High mutation rates can explain the rapid turnover of short tandem repeats
The rates of mutation in tandem repeats in our D. pulex MA lines were extremely high, ranging from 0.29 to 105 copy changes per generation for a given kmer sequence. Our mutation rates include the sum of changes across all loci of a particular kmer, thus can include both loss/gain of entire repeat arrays (i.e., from recombination) and changes in the number of repeats within individual loci (i.e., from replication slippage). This also makes our study distinct from previous studies of microsatellite mutation rates that have focused on single loci (Seyfert et al. 2008). Here, mutation rates estimated on a per-copy basis for short tandem repeats that we examined were on the order of 10−3 copies/generation/copy. Seyfert et al. (2008) estimated the per locus mutation rate of D. pulex dinucleotide microsatellites 13–47 repeats long to be on the order of 10−5 to 10−4 copies/locus/generation. This indicates not only that the tandem repeat arrays we investigated are present as multiple loci and long arrays, but that they mutate at much higher rates than microsatellites previously studied. One contributing factor could be that the short microsatellite arrays are more constrained since they are often found in introns, coding regions, or within ribosomal gene spacer sequences (Colbourne et al. 2004; Ellegren 2004). Past studies of microsatellites have found that rates of mutation are positively correlated with the number of repeats, but limited data points prevented the determination of a linear relationship (Wierdl et al. 1997; Brinkmann et al. 1998). We had mutation rate estimates for 39 repeat sequences ranging in abundance from 100 to 50,000 copies and found a significant positive linear correlation between copy number and mutation rate. This suggests a simple relationship between the number of copy units present and the potential for copy units to be gained or lost, consistent with replication slippage being the dominant mechanism of mutation (Schlötterer 2000). We also found that expansions are more common than contractions, indicating that tandem repetitive DNA in Daphnia has the intrinsic tendency to expand, which is in agreement with the consensus finding in microsatellites across taxa [reviewed in Ellegren (2004)].

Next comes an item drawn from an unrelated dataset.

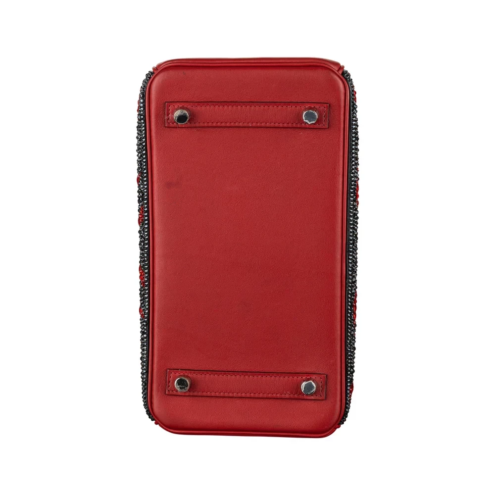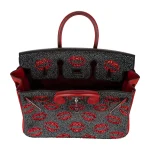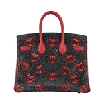 This Hermès inspired Birkin 25 showcases a Customized “Kiss Me” lips motif with Swarovski crystals. Palladium hardware adds edge to the playful 25cm design. Scratch resistant leather and crystals stay eye catching. Compact yet fits essentials like lipstick and cards. Pair with monochrome outfits for whimsical contrast. A flirty, fearless statement piece.

This high mutation rate demonstrates that there is a high potential for rapid turnover in tandem repeat sequences between species, and even substantial differences in abundance among diverged populations of the same species. Wei et al. (2014) used k-Seek to characterize the tandem repeat sequences in five different populations of D. melanogaster, distributed globally. They found that the overall repeat content varied by a factor of 2.5, accounting for about a 4 Mb difference. This initially surprising finding makes sense in light of our results that the MA lines that were only 82 generations diverged differed in their genome-wide repeat content by a factor of 1.67, accounting for ∼0.67 Mb. Even the population isolates, which showed a reduction of variation in repeat content compared to the MA lines, varied in their overall repeat amount by a factor of 1.27. This highlights the great potential for expansions and contractions in tandemly-repeated sequences, which can explain the high levels of differentiation in genome-wide repeat compositions between populations and related species (Wei et al. 2014; Subirana et al. 2015; K. Wei, S. Lower, T. J. Sless, D. A. Barbash, A. G. Clark, unpublished results.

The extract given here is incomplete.